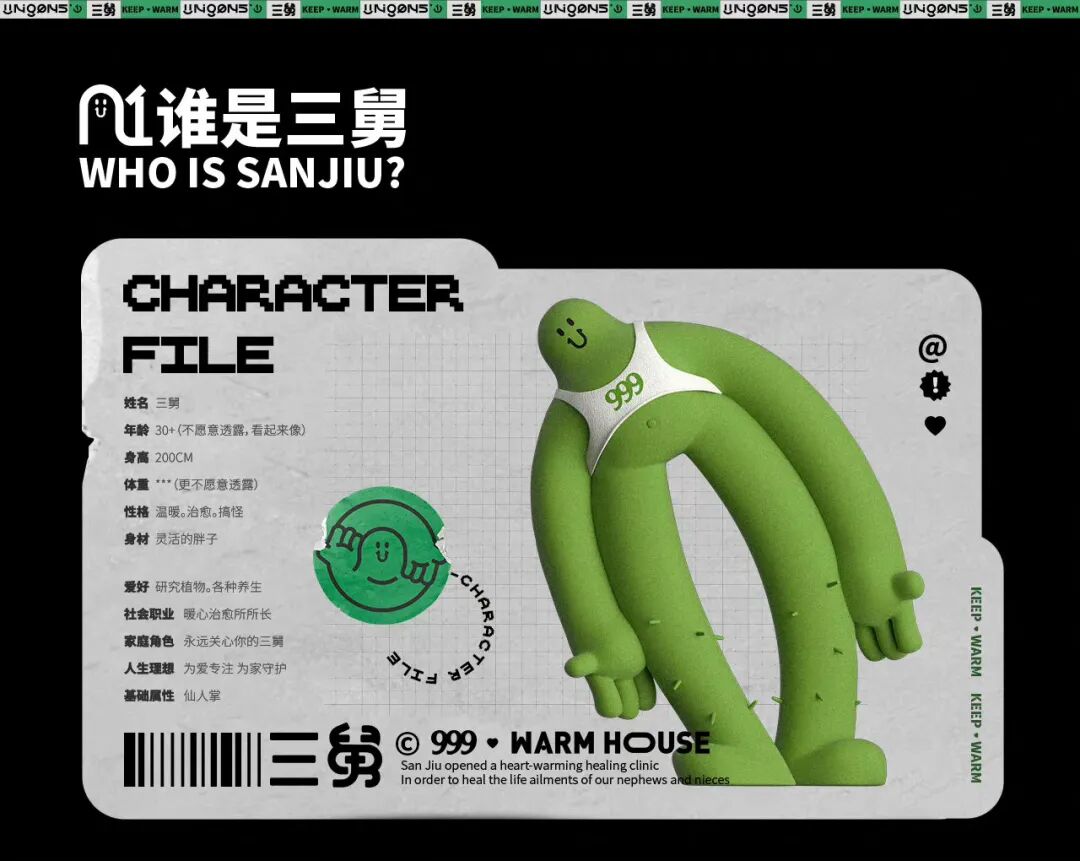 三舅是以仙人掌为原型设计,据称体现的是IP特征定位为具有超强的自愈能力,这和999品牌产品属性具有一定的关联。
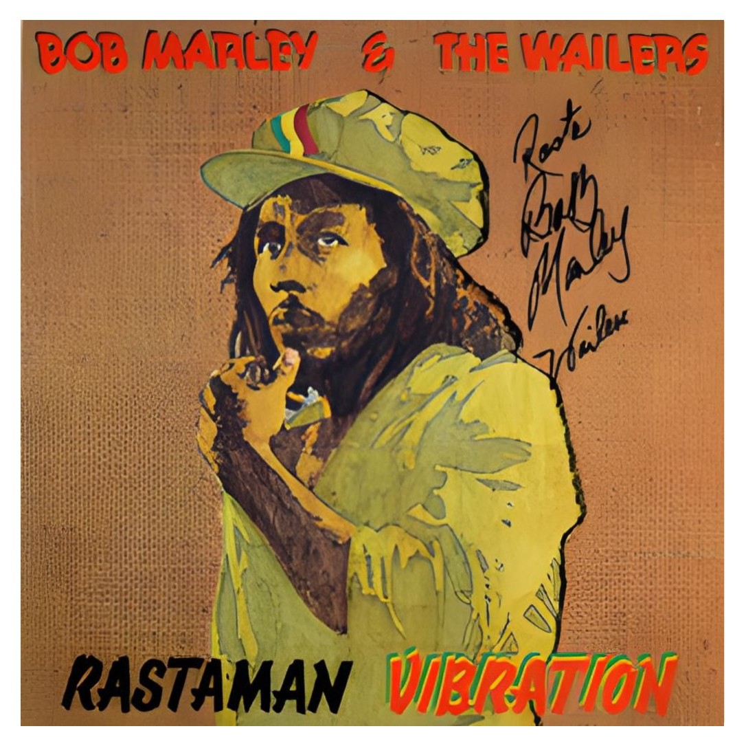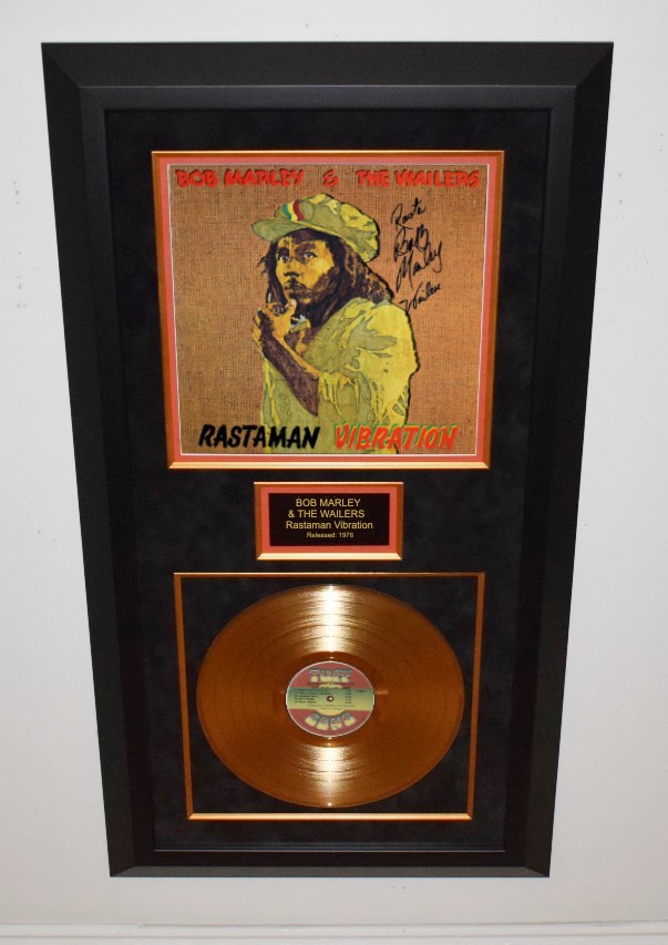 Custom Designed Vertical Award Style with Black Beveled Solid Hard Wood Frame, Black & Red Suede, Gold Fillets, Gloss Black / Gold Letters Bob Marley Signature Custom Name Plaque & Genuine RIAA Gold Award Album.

---

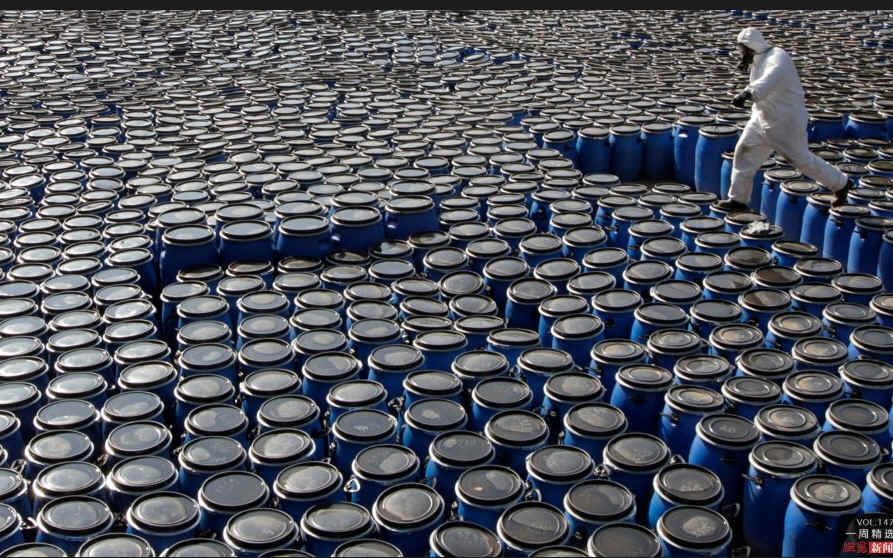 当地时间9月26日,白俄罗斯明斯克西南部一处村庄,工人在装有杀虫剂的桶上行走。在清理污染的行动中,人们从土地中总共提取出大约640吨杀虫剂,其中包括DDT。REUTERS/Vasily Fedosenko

### [Task]
All that should appear in the answer is the lines above from the line with "三舅是以仙人掌为原型设计,据" through the line with "Custom Designed Vertical", retyped exactly, pictures left out.

### [Answer area]
 三舅是以仙人掌为原型设计,据称体现的是IP特征定位为具有超强的自愈能力,这和999品牌产品属性具有一定的关联。
 Custom Designed Vertical Award Style with Black Beveled Solid Hard Wood Frame, Black & Red Suede, Gold Fillets, Gloss Black / Gold Letters Bob Marley Signature Custom Name Plaque & Genuine RIAA Gold Award Album.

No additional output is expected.